They found a woman who had been sewn shut with human waste
They found a woman who. This is so gross. They found a woman whose mouth had been sewn shut. And once they cut the stitches open, they discovered that her mouth was filled with human waste.
>> Taylor: Oh, God.
>> Farz: Yeah. There was a man who had his limbs broken and then reset to heal backwards. They call him the grab man. Is that crazy? They found a woman who was strapped down and had strips of skin ripped off of her, suggesting that she'd been consistently flayed over time, like a long period of time. One woman, she was somehow alive. Her stomach was cut open and her intestines were wrapped around her waist.
>> Taylor: Was she alive?
>> Farz: Yeah, briefly. She died very soon after they found her.
>> Taylor: Yeah.
>> Farz: And then several others were found chained to the wall. And they had iron collars with spikes aimed inwards on their neck.
>> Taylor: Oh my God.
>> Farz: Yeah. So to the credit of the people at the time when the cruelty was discovered, the citizenry basically just rioted and started destroying the mansion. They destroyed all the furniture inside, set fire to it. People questioned her. They didn't question Delphine. Her presence during all this is kind of like, like in question. Like we don't know exactly what happened, but her husband's perspective on this was like, why are you inquiring? Like, why. How dare you ask me how I treat my property. Like, you know, it's my stuff. Basically, what he was saying. So they destroy the mansion. They set fire to it. They destroy everything inside of it. They. They take the slaves and they transfer them to the local jail. And the reason that they wanted to do that was because they wanted people to see the cruelty. But I was like, that's kind of cruel, too. Like, don't drop.
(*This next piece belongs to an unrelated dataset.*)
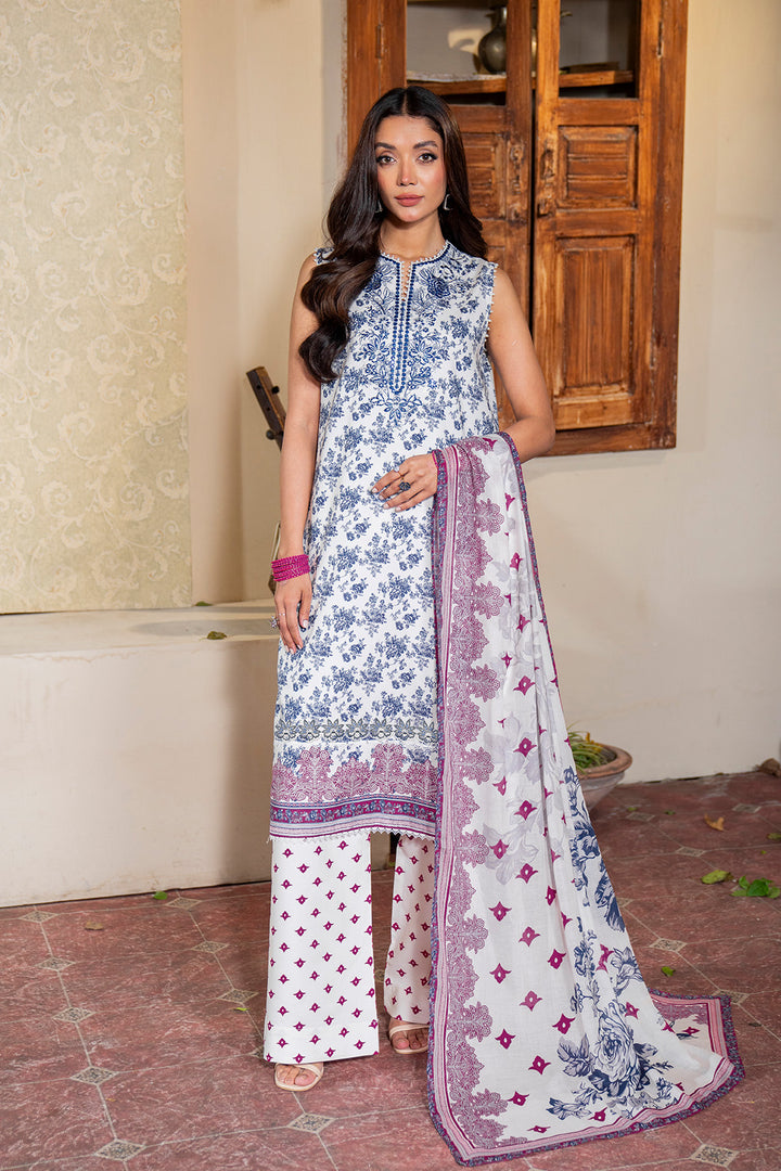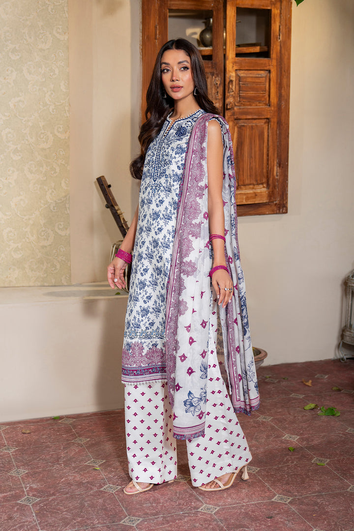 Unveilling fusion of vibrant prints and intricate embroidery with our 3-piece digital printed lawn ensemble, featuring a beautifully Lawn printed shirt, trousers, and dupatta, enhanced with embroidered neckline and borders for an elegant finish.
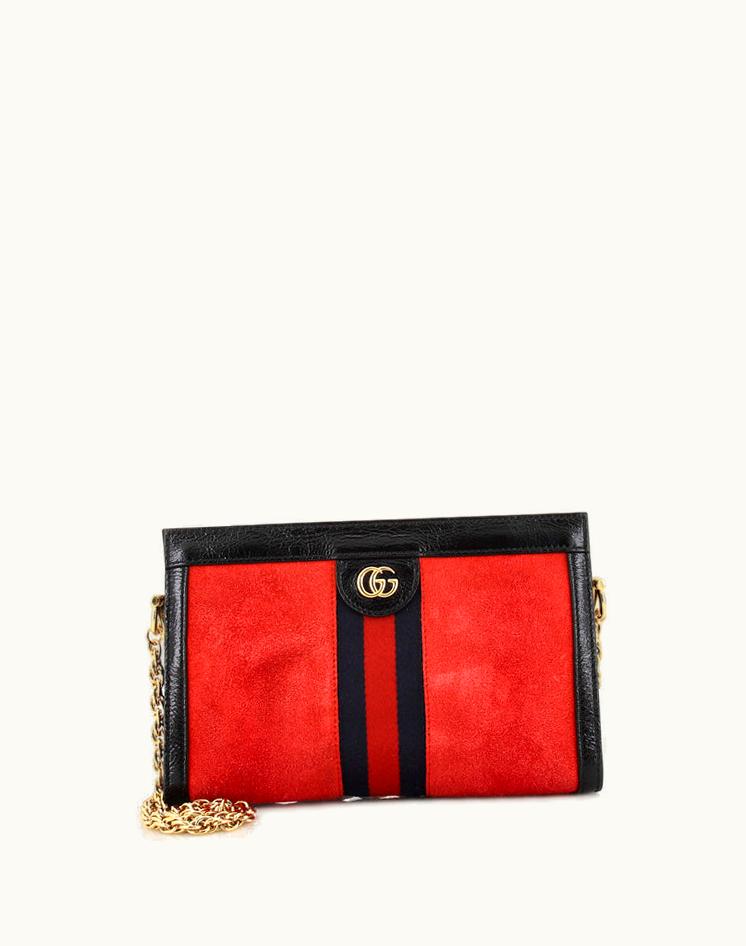 Gucci Ophidia Chain Shoulder Bag Suede Small Red Blue Gold | GLINT

>> Taylor: They're not going to free them, right?
>> Farz: No, they're not going to. Don't they have hospitals? I mean, I don't.
>> Taylor: I don't know.
>> Farz: Maybe they just don't care. They probably don't care.
>> Taylor: Did they have a doctor beat them at the prison?
>> Farz: I don't know.
>> Taylor: I don't know.
>> Farz: Yeah. But apparently 4,000 people went in and out of the jail just to see what was going on there.
>> Taylor: Of course they did.
>> Farz: Yeah, that. That also, it's interesting because it kind of dovetails the. The Civil War where, like, the uprisings, the cruelty is just like. It's just all kind of ramping up. And.
>> Taylor: And what year. What year? What year was it?
>> Farz: Like 18 for 1834.
>> Taylor: Okay.
>> Farz: Yeah. I mean, we're still ways off, but it's like, so, like, it's. Things are. Things are ramping up.
>> Taylor: Yeah.
>> Farz: Like I said, we don't know after this whole key situation happened with the slave quarters what Delphine was doing or wasn't doing, but we know that once she saw the mob kind of tearing apart her house, her. The two kids that were living with her and her mother, who was also living with her, they fled from New Orleans to Millbill, Alabama, and then went to Paris, France, from there. And that's where she lives. She kept wanting to come back to New Orleans, her home. She wanted to come back to. To where it was, but her family was like, no, you definitely cannot go back there. They're going to repeat limb from limb.
>> Taylor: Yeah.
>> Farz: She ended up living in Paris until the age of 62. She died in 1849. And the record keeping around how she died is sparse. Some stories I read said that she died on a wild boar hunting accident, but we don't know exactly how she died. And then four years after this mob had destroyed and burnt the. The mansion to the ground, the property that it sat on was acquired by a private citizen and rebuilt.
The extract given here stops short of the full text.